"Common Sense" actually a short pamphlet, sold over 500,000 copies in the colonies to a population of only 2,500,000, and Lord knows how many other people read it---or had it read to them---as it was passed around. Megamax historian Gordon S. Wood calls it "the most incendiary and popular pamphlet of the entire revolutionary era," a rather modest claim.
The funny thing is, it's not as Enlightenment as you might think from the Founding era's truest Deist; it's very Biblical. While it's true the colonists had many selfish economic reasons to favor independence---the "marxist" interpretation, if you will---it's pretty clear they needed to assuage their religious consciences that revolution was OK with God.
"Even the distance at which the Almighty hath placed England and America is a strong and natural proof that the authority of the one over the other, was never the design of Heaven.
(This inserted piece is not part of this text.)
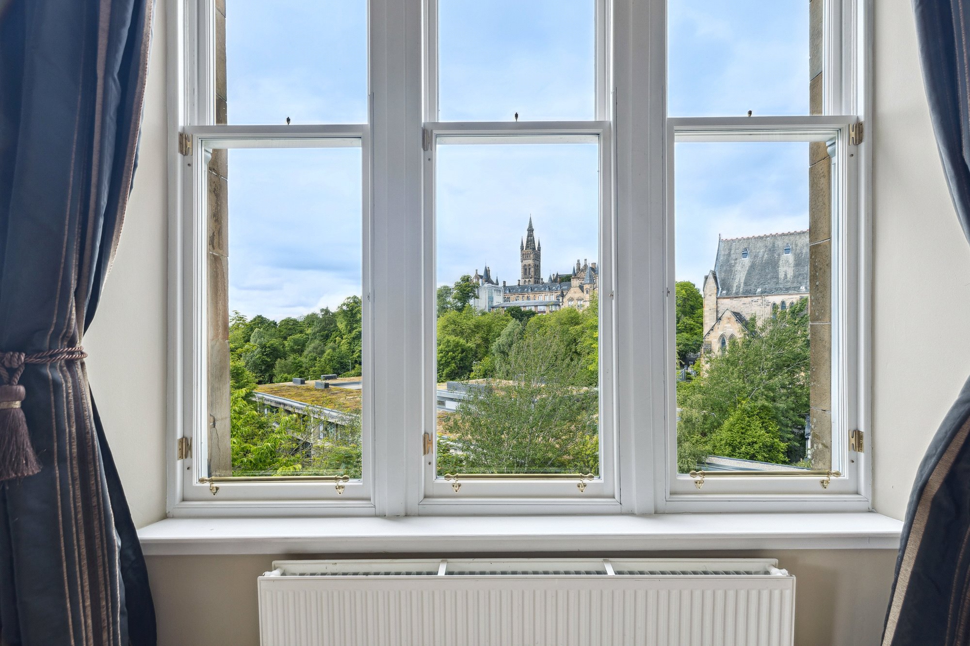 An outstanding five apartment flat occupying a prominent third floor position within a handsome blonde sandstone tenement building. This impressive property boasts incredible views over The River Kelvin and over towards Kelvingrove Park together with a fantastic outlook over towards The University of Glasgow. Located in a peaceful yet incredibly convenient location in the highly popular Hillhead district, 7 Westbank Quadrant is exceptionally well placed to take advantage of an enviable selection of local amenities on Gibson Street, Woodlands Road, Great Western Road and Byres Road together with excellent transport links and easy access to The University of Glasgow, Kelvingrove Park and The Botanic Gardens.

The time likewise at which the Continent was discovered, adds weight to the argument, and the manner in which it was peopled, encreases the force of it. The Reformation was preceded by the discovery of America: As if the Almighty graciously meant to open a sanctuary to the persecuted in future years, when home should afford neither friendship nor safety."
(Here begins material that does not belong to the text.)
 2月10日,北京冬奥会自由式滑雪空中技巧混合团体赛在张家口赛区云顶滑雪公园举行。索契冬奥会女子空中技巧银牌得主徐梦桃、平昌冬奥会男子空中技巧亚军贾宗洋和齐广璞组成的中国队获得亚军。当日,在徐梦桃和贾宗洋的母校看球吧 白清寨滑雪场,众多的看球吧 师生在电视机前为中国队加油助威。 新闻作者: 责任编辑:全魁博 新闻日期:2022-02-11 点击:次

Divine Providence created America as a safe haven for Protestant dissenters? Yup. There you have it.
Now, since Thomas Paine later wrote "The Age of Reason" in the 1790s, where he rejected the Bible and Christian dogma [America liked it so much that only 6 people attended his funeral], he probably didn't believe this part of "Common Sense," probably. [Although you never know...]
But there it is, and there it was, in Paine's own words. Now relax, this isn't to say that the United States of America should be a Protestant Nation in 2011, or people thought that by the time they wrote the Constitution in 1787.
I will betcha, though, that not one person in a 100 knows that Thomas Paine, the Revolution's most famous deist, was saying it in 1776, in the most famous and popular essay of his times.
Because I didn't know, until I read the damn thing for meself. Read the whole thing here for yrself, or peek at this annotated version. History isn't dead, it's alive, if you dog it a little on your own.